• Given information
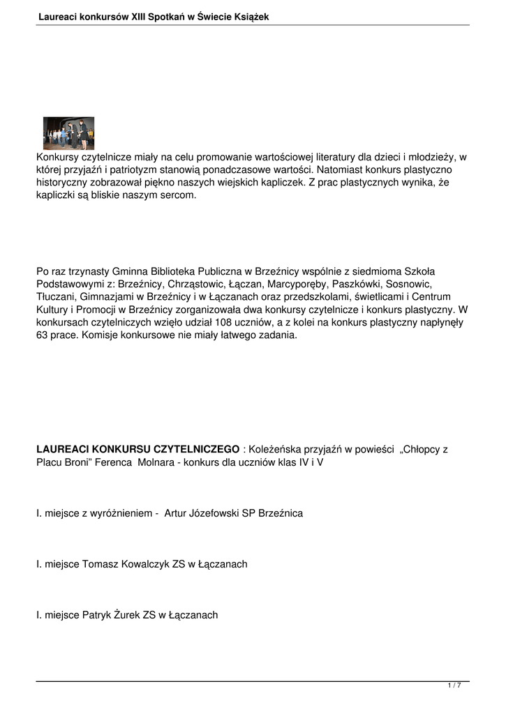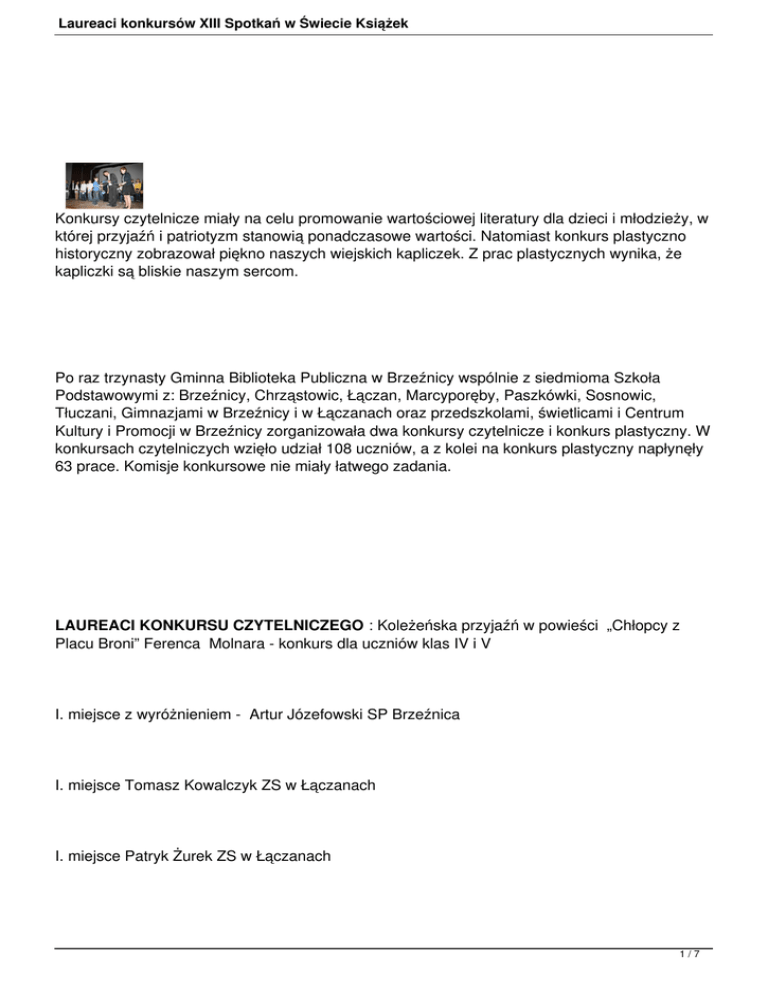 Laureaci konkursów XIII Spotkań w Świecie Książek Konkursy czytelnicze miały na celu promowanie wartościowej literatury dla dzieci i młodzieży, w której przyjaźń i patriotyzm stanowią ponadczasowe wartości. Natomiast konkurs plastyczno historyczny zobrazował piękno naszych wiejskich kapliczek. Z prac plastycznych wynika, że kapliczki są bliskie naszym sercom. Po raz trzynasty Gminna Biblioteka Publiczna w Brzeźnicy wspólnie z siedmioma Szkoła Podstawowymi z: Brzeźnicy, Chrząstowic, Łączan, Marcyporęby, Paszkówki, Sosnowic, Tłuczani, Gimnazjami w Brzeźnicy i w Łączanach oraz przedszkolami, świetlicami i Centrum Kultury i Promocji w Brzeźnicy zorganizowała dwa konkursy czytelnicze i konkurs plastyczny. W konkursach czytelniczych wzięło udział 108 uczniów, a z kolei na konkurs plastyczny napłynęły 63 prace. Komisje konkursowe nie miały łatwego zadania. LAUREACI KONKURSU CZYTELNICZEGO : Koleżeńska przyjaźń w powieści „Chłopcy z Placu Broni” Ferenca Molnara - konkurs dla uczniów klas IV i V I. miejsce z wyróżnieniem - Artur Józefowski SP Brzeźnica I. miejsce Tomasz Kowalczyk ZS w Łączanach I. miejsce Patryk Żurek ZS w Łączanach 1/7 Laureaci konkursów XIII Spotkań w Świecie Książek I. miejsce Karolina Wójcik SP w Marcyporębie II. miejsce Kamil Wacławek SP w Brzeźnicy II. miejsce Mateusz Moskała SP w Sosnowicach II. miejsce Arkadiusz Czerwiński ZS w Łączanach III. miejsce Mateusz Gałek SP w Brzeźnicy WYRÓŻNIENIA Kinga Scąber ZS w Łączanach Paulina Ślósarczyk SP w Paszkówce Dawid Gugała SP w Brzeźnicy LAUREACI KONKURSU CZYTELNICZEGO: Dylematy i patriotyzm gimnazjalistów sprzed wieku na podstawie powieści„Syzyfowe prace” Stefana Żeromskiego - konkurs dla gimnazjalistów i uczniów klas VI 2/7 Laureaci konkursów XIII Spotkań w Świecie Książek I miejsce Alicja Kozioł SP w Chrząstowicach II miejsce Marzena Maj kl.III d Gimnazjum w Brzeźnicy II miejsce Anna Zając kl. II e Gimnazjum w Brzeźnicy II miejsce Jakub Wojnowski kl. III e. Gimnazjum w Brzeźnicy II miejsce Bartosz Zielnik kl. II d. Gimnazjum w Brzeźnicy III miejsce Wojciech Książek kl. I d. Gimnazjum w Brzeźnicy III miejsce Katarzyna Radoń kl. III d. Gimnazjum w Brzeźnicy WYRÓŻNIENIA Piotr Wacław kl. III c Gimnazjum w Brzeźnicy Gabriela Jezierska kl. II e Gimnazjum w Brzeźnicy Martyna Czyżowska kl. III Gimnazjum ZS w Łączanach Angelika Dudek kl. II d Gimnazjum w Brzeźnicy 3/7 Laureaci konkursów XIII Spotkań w Świecie Książek Anna Grzesiek kl. III b Gimnazjum w Brzeźnicy Jakub Tracz kl. III a Gimnazjum w Brzeźnicy Łukasz Śmigielski III c Gimnazjum w Brzeźnicy Maciej Dankiewicz kl. II d Gimnazjum w Brzeźnicy Ida Linnert kl. II e Gimnazjum w Brzeźnicy LAUREACI KONKURSU PLASTYCZNO-HISTORYCZNEGO „Kiedy myślę kapliczka w mojej miejscowości – w gminie Brzeźnica” Młodsza kategoria wiekowa, w której przyznano równorzędne I miejsca Dominik Nicieja SP w Brzeźnicy – klasa „O” 4/7 Laureaci konkursów XIII Spotkań w Świecie Książek Anastazja Wojtas SP w Brzeźnicy – klasa „O” Julia Całus SP w Brzeźnicy – kl. I Aleksandra Kozioł Przedszkole Samorządowe w Łączanach Agnieszka Brania Przedszkole Samorządowe w Łączanach Wiktoria Piorun Przedszkole ze SP w Tłuczani Prace zbiorowe Klasa O Szkoły Podstawowej w Marcyporębie Świetlica Środowiskowa w Paszkówce Starsza kategoria wiekowa I miejsce - Marcin Marszałek kl. VI SP w Chrząstowicach II miejsce – Kamila Zontek kl. V ZS w Łączanach 5/7 Laureaci konkursów XIII Spotkań w Świecie Książek II miejsce - Kamila i Aleksandra Kubas SP w Tłuczani II miejsce -Paulina Ślósarczyk kl. IV SP w Paszkówce III miejsce – Klaudia Kozioł kl. VI ZS w Łączanach III miejsce - Ewa Błach kl. V SP w Tłuczani III miejsce- Oliwia Bałazy kl. III SP w Brzeźnicy III miejsce - Klaudia Antos kl. VI SP w Brzeźnicy Laureatom zostały wręczone piękne albumy książkowe podczas finałowej gali Gminnego Święta Książki w Brzeźnicy. Wójt Gminy Bogusław Antos nagradzając dzieci ogłosił, że będzie opracowywany folder, dokumentujący niezwykły urok kapliczek Obok zdjęć z terenu znajdą się w nim zdjęcia nadesłanych na konkurs prac. Wójt dziękował też rodzicom i nauczycielom, którzy inspirowali dzieci do twórczej pracy. Warto dbać o kapliczki i zwrócić uwagę w jakim są stanie. Stanowią one bowiem część naszego dziedzictwa kulturowego, pięknie wkomponowanego w wiejski pejzaż. Dziękujemy dyrektorom szkół, polonistom i historykom z miejscowych szkół za pomoc i przygotowanie dzieci. Gratulujemy zwycięzcom, a wszystkim dziękujemy za udział. Zapraszamy na kolejne Spotkania w Świecie Książek. 6/7 Laureaci konkursów XIII Spotkań w Świecie Książek Wiesława Jarguz Galeria Fotograficzna dalej>>> 7/7
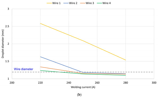 Figure 5b shows the diameter of the molten metal droplets produced by all the wires, calculated based on the melting velocity and the transfer frequencies shown in Figure 5a. This figure indicates that Wire 1 exhibited globular transfer in all welding conditions. In contrast, globular transfer was only observed with the metal-cored wires at the low welding current (220 A); spray transfer was observed at medium and high currents. The image thus indicates that the droplet diameter decreases when the welding current increased or the flux ratio is increased.
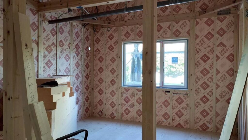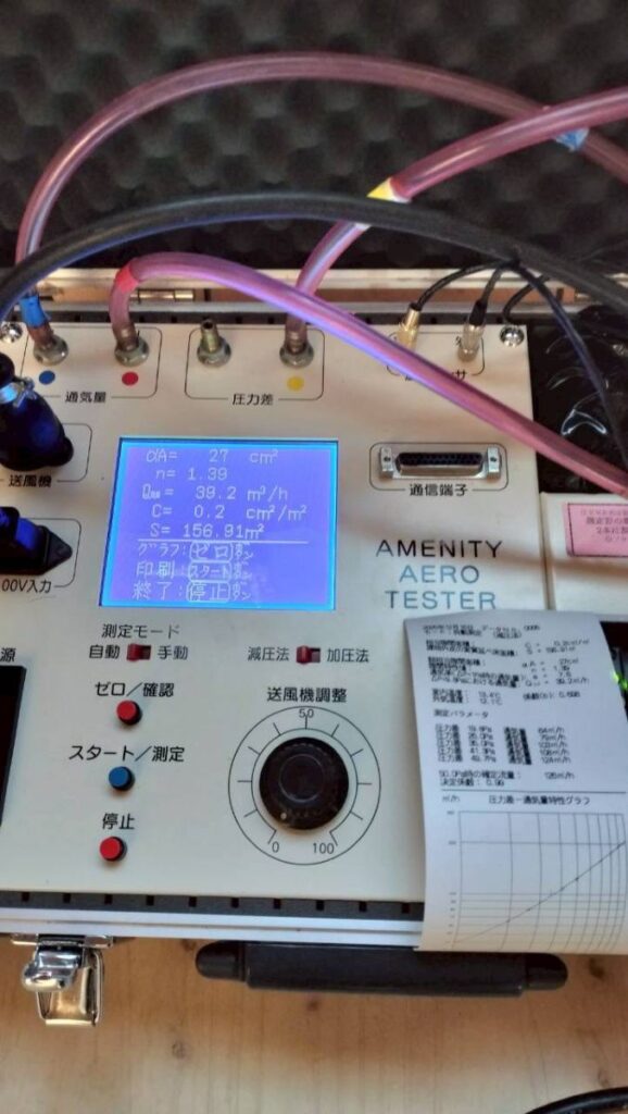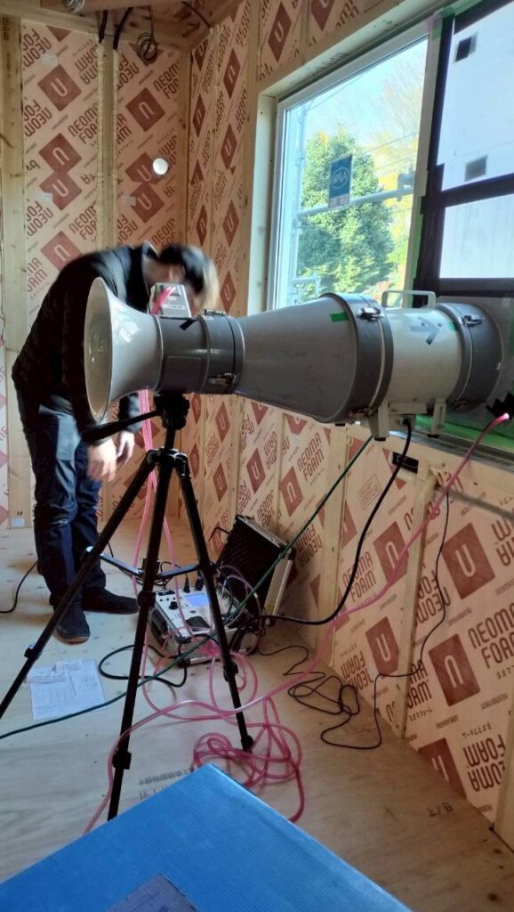 上棟後、断熱材の施工が終わると、家の隙間を測定します。
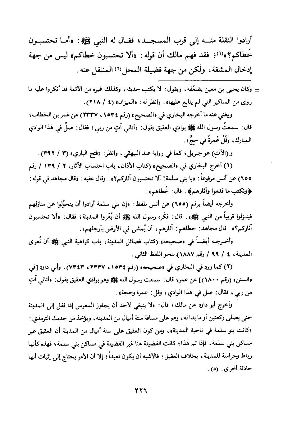 وأخرج أبو داود عن مالك، قال: "لا ينبغي لأحد أن يجاوز المعرس إذا قفل إلى المدينة حتى يصلي ركعتين أو ما بدا له، وهو على مسافة ستة أميال من المدينة، ويؤخذ من حديث الترمذي: "كانت بنو سلمة في ناحية المدينة"، ومن كون العقيق على ستة أميال من المدينة أن العقيق غير مساكن بني سلمة، فإذا تم هذا، كانت الفضيلة هنا غير الفضيلة في مساكن بني سلمة، فهذه كأنها رباط وحراسة للمدينة، بخلاف العقيق، فالأشبه أن يكون تعبُّدًا، إلا أن الأمر يحتاج إلى إثبات أنها حادثة أخرى. "د".

• Work instruction
What is wanted is the listing, written out exactly, with each picture removed.

• Result of the task
 Laureaci konkursów XIII Spotkań w Świecie Książek Konkursy czytelnicze miały na celu promowanie wartościowej literatury dla dzieci i młodzieży, w której przyjaźń i patriotyzm stanowią ponadczasowe wartości. Natomiast konkurs plastyczno historyczny zobrazował piękno naszych wiejskich kapliczek. Z prac plastycznych wynika, że kapliczki są bliskie naszym sercom. Po raz trzynasty Gminna Biblioteka Publiczna w Brzeźnicy wspólnie z siedmioma Szkoła Podstawowymi z: Brzeźnicy, Chrząstowic, Łączan, Marcyporęby, Paszkówki, Sosnowic, Tłuczani, Gimnazjami w Brzeźnicy i w Łączanach oraz przedszkolami, świetlicami i Centrum Kultury i Promocji w Brzeźnicy zorganizowała dwa konkursy czytelnicze i konkurs plastyczny. W konkursach czytelniczych wzięło udział 108 uczniów, a z kolei na konkurs plastyczny napłynęły 63 prace. Komisje konkursowe nie miały łatwego zadania. LAUREACI KONKURSU CZYTELNICZEGO : Koleżeńska przyjaźń w powieści „Chłopcy z Placu Broni” Ferenca Molnara - konkurs dla uczniów klas IV i V I. miejsce z wyróżnieniem - Artur Józefowski SP Brzeźnica I. miejsce Tomasz Kowalczyk ZS w Łączanach I. miejsce Patryk Żurek ZS w Łączanach 1/7 Laureaci konkursów XIII Spotkań w Świecie Książek I. miejsce Karolina Wójcik SP w Marcyporębie II. miejsce Kamil Wacławek SP w Brzeźnicy II. miejsce Mateusz Moskała SP w Sosnowicach II. miejsce Arkadiusz Czerwiński ZS w Łączanach III. miejsce Mateusz Gałek SP w Brzeźnicy WYRÓŻNIENIA Kinga Scąber ZS w Łączanach Paulina Ślósarczyk SP w Paszkówce Dawid Gugała SP w Brzeźnicy LAUREACI KONKURSU CZYTELNICZEGO: Dylematy i patriotyzm gimnazjalistów sprzed wieku na podstawie powieści„Syzyfowe prace” Stefana Żeromskiego - konkurs dla gimnazjalistów i uczniów klas VI 2/7 Laureaci konkursów XIII Spotkań w Świecie Książek I miejsce Alicja Kozioł SP w Chrząstowicach II miejsce Marzena Maj kl.III d Gimnazjum w Brzeźnicy II miejsce Anna Zając kl. II e Gimnazjum w Brzeźnicy II miejsce Jakub Wojnowski kl. III e. Gimnazjum w Brzeźnicy II miejsce Bartosz Zielnik kl. II d. Gimnazjum w Brzeźnicy III miejsce Wojciech Książek kl. I d. Gimnazjum w Brzeźnicy III miejsce Katarzyna Radoń kl. III d. Gimnazjum w Brzeźnicy WYRÓŻNIENIA Piotr Wacław kl. III c Gimnazjum w Brzeźnicy Gabriela Jezierska kl. II e Gimnazjum w Brzeźnicy Martyna Czyżowska kl. III Gimnazjum ZS w Łączanach Angelika Dudek kl. II d Gimnazjum w Brzeźnicy 3/7 Laureaci konkursów XIII Spotkań w Świecie Książek Anna Grzesiek kl. III b Gimnazjum w Brzeźnicy Jakub Tracz kl. III a Gimnazjum w Brzeźnicy Łukasz Śmigielski III c Gimnazjum w Brzeźnicy Maciej Dankiewicz kl. II d Gimnazjum w Brzeźnicy Ida Linnert kl. II e Gimnazjum w Brzeźnicy LAUREACI KONKURSU PLASTYCZNO-HISTORYCZNEGO „Kiedy myślę kapliczka w mojej miejscowości – w gminie Brzeźnica” Młodsza kategoria wiekowa, w której przyznano równorzędne I miejsca Dominik Nicieja SP w Brzeźnicy – klasa „O” 4/7 Laureaci konkursów XIII Spotkań w Świecie Książek Anastazja Wojtas SP w Brzeźnicy – klasa „O” Julia Całus SP w Brzeźnicy – kl. I Aleksandra Kozioł Przedszkole Samorządowe w Łączanach Agnieszka Brania Przedszkole Samorządowe w Łączanach Wiktoria Piorun Przedszkole ze SP w Tłuczani Prace zbiorowe Klasa O Szkoły Podstawowej w Marcyporębie Świetlica Środowiskowa w Paszkówce Starsza kategoria wiekowa I miejsce - Marcin Marszałek kl. VI SP w Chrząstowicach II miejsce – Kamila Zontek kl. V ZS w Łączanach 5/7 Laureaci konkursów XIII Spotkań w Świecie Książek II miejsce - Kamila i Aleksandra Kubas SP w Tłuczani II miejsce -Paulina Ślósarczyk kl. IV SP w Paszkówce III miejsce – Klaudia Kozioł kl. VI ZS w Łączanach III miejsce - Ewa Błach kl. V SP w Tłuczani III miejsce- Oliwia Bałazy kl. III SP w Brzeźnicy III miejsce - Klaudia Antos kl. VI SP w Brzeźnicy Laureatom zostały wręczone piękne albumy książkowe podczas finałowej gali Gminnego Święta Książki w Brzeźnicy. Wójt Gminy Bogusław Antos nagradzając dzieci ogłosił, że będzie opracowywany folder, dokumentujący niezwykły urok kapliczek Obok zdjęć z terenu znajdą się w nim zdjęcia nadesłanych na konkurs prac. Wójt dziękował też rodzicom i nauczycielom, którzy inspirowali dzieci do twórczej pracy. Warto dbać o kapliczki i zwrócić uwagę w jakim są stanie. Stanowią one bowiem część naszego dziedzictwa kulturowego, pięknie wkomponowanego w wiejski pejzaż. Dziękujemy dyrektorom szkół, polonistom i historykom z miejscowych szkół za pomoc i przygotowanie dzieci. Gratulujemy zwycięzcom, a wszystkim dziękujemy za udział. Zapraszamy na kolejne Spotkania w Świecie Książek. 6/7 Laureaci konkursów XIII Spotkań w Świecie Książek Wiesława Jarguz Galeria Fotograficzna dalej>>> 7/7
 Figure 5b shows the diameter of the molten metal droplets produced by all the wires, calculated based on the melting velocity and the transfer frequencies shown in Figure 5a. This figure indicates that Wire 1 exhibited globular transfer in all welding conditions. In contrast, globular transfer was only observed with the metal-cored wires at the low welding current (220 A); spray transfer was observed at medium and high currents. The image thus indicates that the droplet diameter decreases when the welding current increased or the flux ratio is increased.
 上棟後、断熱材の施工が終わると、家の隙間を測定します。
 وأخرج أبو داود عن مالك، قال: "لا ينبغي لأحد أن يجاوز المعرس إذا قفل إلى المدينة حتى يصلي ركعتين أو ما بدا له، وهو على مسافة ستة أميال من المدينة، ويؤخذ من حديث الترمذي: "كانت بنو سلمة في ناحية المدينة"، ومن كون العقيق على ستة أميال من المدينة أن العقيق غير مساكن بني سلمة، فإذا تم هذا، كانت الفضيلة هنا غير الفضيلة في مساكن بني سلمة، فهذه كأنها رباط وحراسة للمدينة، بخلاف العقيق، فالأشبه أن يكون تعبُّدًا، إلا أن الأمر يحتاج إلى إثبات أنها حادثة أخرى. "د".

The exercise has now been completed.